WP6 Future data ecosystems
The flow of data associated with a research expedition, from planning to capture, processing, storage and use is well described but remains mostly manual. This results in a significant overhead on both the science party and NMF in managing the data alongside increased chance of lost data either through poorly linked metadata or a failure to follow data logging protocols. An end-to-end approach to data associated with research expeditions and/or MAS platform missions is required. It is possible to achieve this by 2030 with data management processes that incorporate quality and metadata controls and enable the transfer of data to data portals that allow access across a broad community of users.
Given the costs associated with the collection of oceanographic data, improving access through adherence to the FAIR principles must be a priority. As the volume of data collected increases, the systems used to support FAIR data must be scalable. Alongside the increase in volume, the percentage of data that is available in real-time or near real-time will increase and so the systems must be configured to support ‘live’ data streams.
ML and AI will support better use of data. However, for that to be realised improved data management and data workflow processes will be required.
The National Digital Twin Programme (NDPt) skills and competency framework outlines the critical roles needed at an organisational level to support the integration of data into a digital environment. There are a number of skill sets that are not presently well-represented across UKRI/NERC, yet will be increasingly in demand as the digital dependency of research infrastructure increases.
Research expedition and mission planning would benefit from the use of data sciences approaches. In due course, the integration of modelling, data collection, data sciences and informatics could enable ‘digital twins’ of the research domain. These digital twins, receiving real-time observations assimilated into models and providing input to machine learning algorithms will support the research expedition to revise plans and take advantage of the ability to react to observations.

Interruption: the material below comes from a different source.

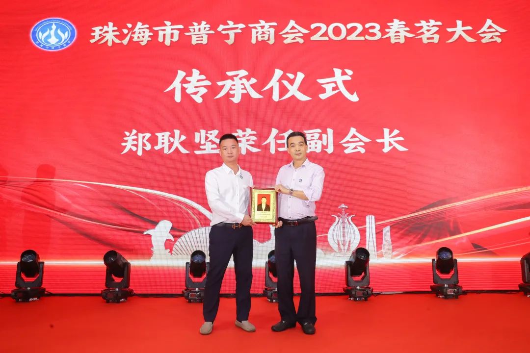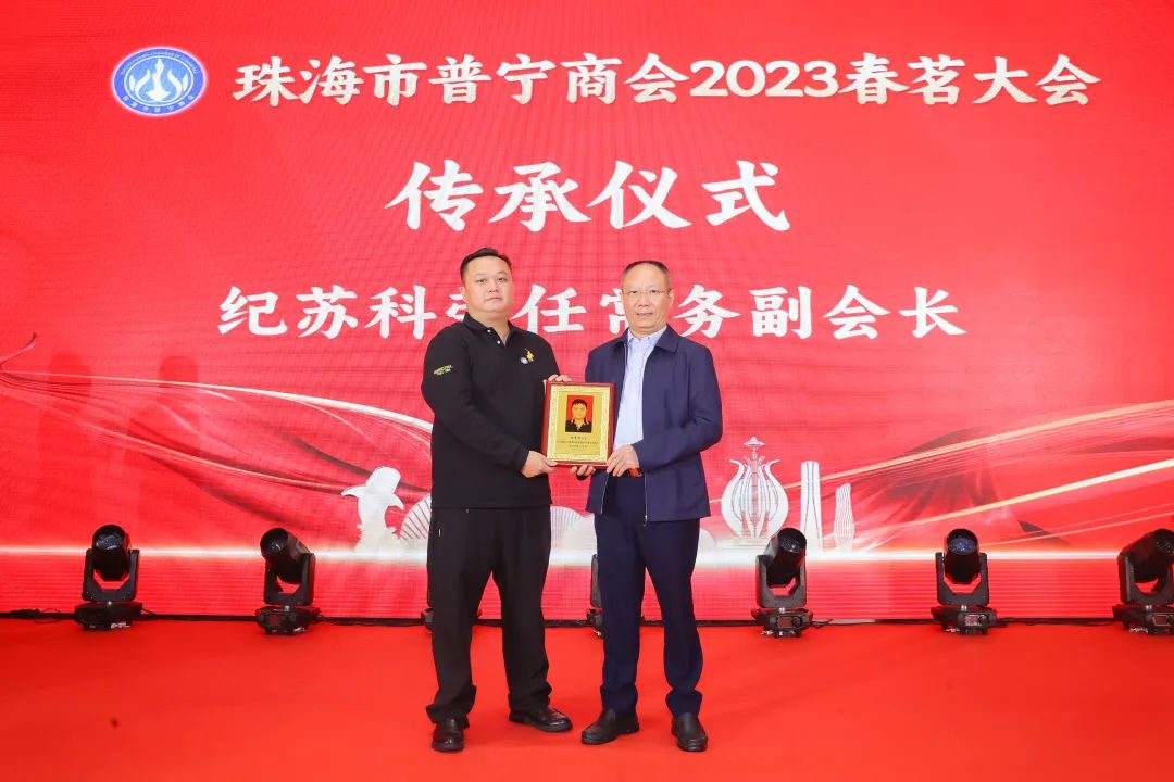 商會實施領導職務傳承制度,商會的常務副會長、副會長、常務理事、理事、會董等職務可傳承給下一代擔任,會長的傳承人自然成為商會常務副會長。為了激勵年輕一代普寧兒女積極傳承和發揚父輩優良傳統和精神,大會舉行了紀蘇科榮任商會常務副會長、鄭耿堅榮任商會副會長的傳承授牌儀式,蘇攢淘會長,張海松執行會長分別為他們頒發榮譽牌匾。

Communication infrastructure, including low-earth orbit satellites, will continue to rapidly improve and provide options for continuous, high-bandwidth communication systems. Any data ecosystem will be reliant upon the hardware and therefore vulnerable to technology failure. Resilience is possible in most areas of the ecosystem, however cyber-attacks will present a continuous threat and processes/systems able to detect, protect, respond and recover from an attack will be essential.
As the marine sector adapts to increasing autonomy, enabled by increased use of smart, connected sensors, there are opportunities to engage with other marine users to share data and information more effectively. This will require an international effort to ensure data standards are the same or compatible but opens up huge opportunities for data collection.
The use of autonomy in collecting data for UK geo-intelligence remains a high priority for the Ministry of Defence. Their recently published Digital Strategy places data use and exploitation at the centre of their thinking. There are overlaps between the data ecosystem the Royal Navy will require and the data ecosystem able to support a net zero oceanographic capability. Partnering in development areas such as command and control of autonomous assets would be beneficial.
Microsoft and IBM, amongst others, are developing technology infrastructure that are moving towards net zero and would support any data ecosystem UKRI/NERC might require, with ambitions to be net zero by 2030. Engaging with technology companies that have strong net zero ambition and well-developed data ecosystem approaches may provide opportunities to develop a future NZOC.
The NZOC data ecosystem will need to be resilient to any unauthorised access or harmful intent by authorised users, not only to mitigate againstcyber attacks but also to ensure that data is appropriately access managed. Where possible, data will be freely available, but General Data Protection Regulation (GDPR), Intellectual Property Rights (IPR) and security concerns will all need to be addressed through appropriate data access management and licensing.
Develop a ‘data skills’ strategy that details how UKRI/NERC will support a plan for training the future generation of scientists and engineers/operators capable of developing, operating and using a digitally-enabled, net zero infrastructure. Promote and invest in Research Software Engineer careers across UKRI/NERC.
Ensure that all future activities that support the NZOC data ecosystem concept align with national and international best practices and follow the guidelines laid down in the NDPt framework. This will safeguard against the risk of incompatibility at a later stage.
Further develop the data flow architecture that allows data to flow from planning (MFP website) through capture, processing, storage and use with the aim of delivering FAIR data to multiple users across science, government, defence and business. Setting out the strategy for achieving this and prioritising development opportunities should be completed within 12 months.
Scope a scalable data lake architecture capable of managing data from the widest spectrum of platforms (satellites, research vessels, MAS platforms, floats, moorings etc) and commission a pilot project to develop expertise in managing the data architecture across cloud, ship and shore-based infrastructure and test the concepts.
Develop a modelling capability that can dynamically assimilate observations in a moving frame (ship-following) at a resolution relevant for observation collection decision making, using modelling tools already well established within the community, e.g. NEMO, ERSEM, NEMOVAR. Use this as a pre-cursor to developing a digital twin of the expedition region to support that specific research expedition.
Incentivise, across UKRI (including InnovateUK), collaborations on the development of novel autonomous planning and optimisation (command and control) systems to maximise the usage of MAS platforms.
Align with the ‘Greening Government: ICT and Digital Services Strategy 2020-25, as the basis for reducing the carbon footprint of an NZOC data ecosystem.